Information supplied>
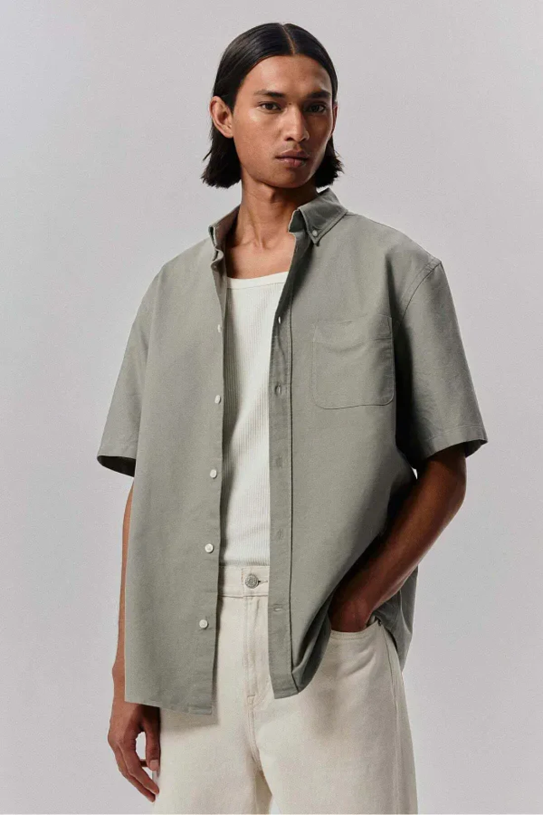 Shirt in Oxford cotton with a button-down collar, classic front, yoke at the back, short sleeves and an open chest pocket.
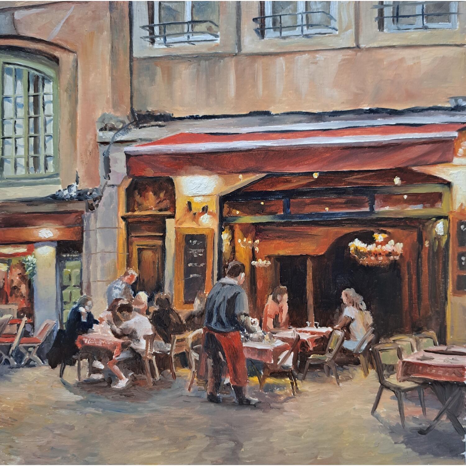 Dieses einzigartige und originale zeitgenössische Kunstwerk "Repas en terrasse " in dem Stil "Realismus" wurde von dem zeitgenössischen Künstler Piffard Cédric kreiert.
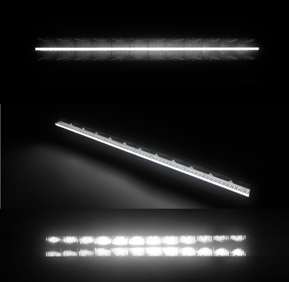 Barra com emissão de luz indireta, diferente do refletor das barras mais comuns, reflexão de luz de alta eficiência. O refletor cromado e a lente de cobertura transparente minimizam a perda de eficiência luminosa.
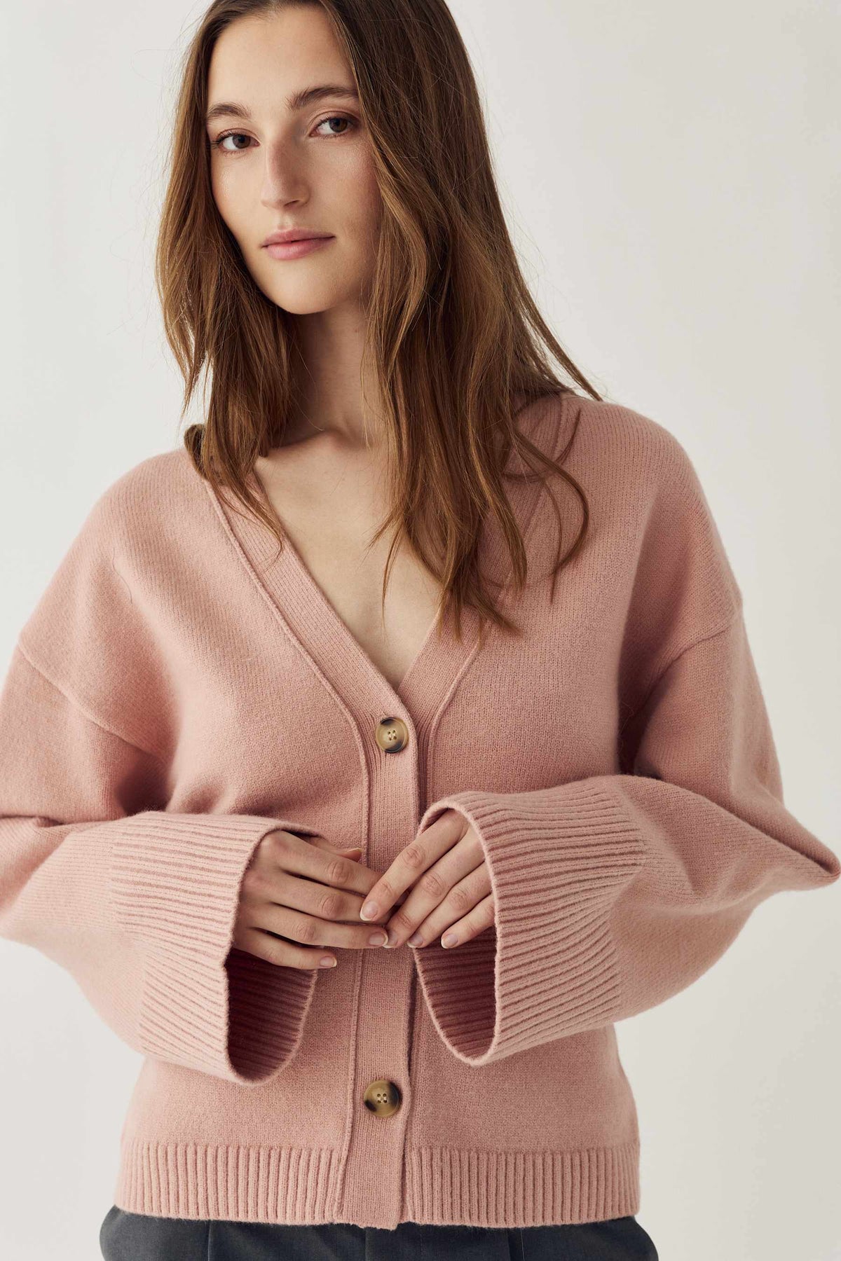 Cardigan en maille de Noella, de couleur rose. Il présente un col en V, une coupe ajustée et des manches volumineuses avec poignets côtelés.

Description of the task>
Leave out the pictures and repeat exactly the lines from the start of the material through the line that contains "Dieses einzigartige und", both included.

Result of the exercise>
 Shirt in Oxford cotton with a button-down collar, classic front, yoke at the back, short sleeves and an open chest pocket.
 Dieses einzigartige und originale zeitgenössische Kunstwerk "Repas en terrasse " in dem Stil "Realismus" wurde von dem zeitgenössischen Künstler Piffard Cédric kreiert.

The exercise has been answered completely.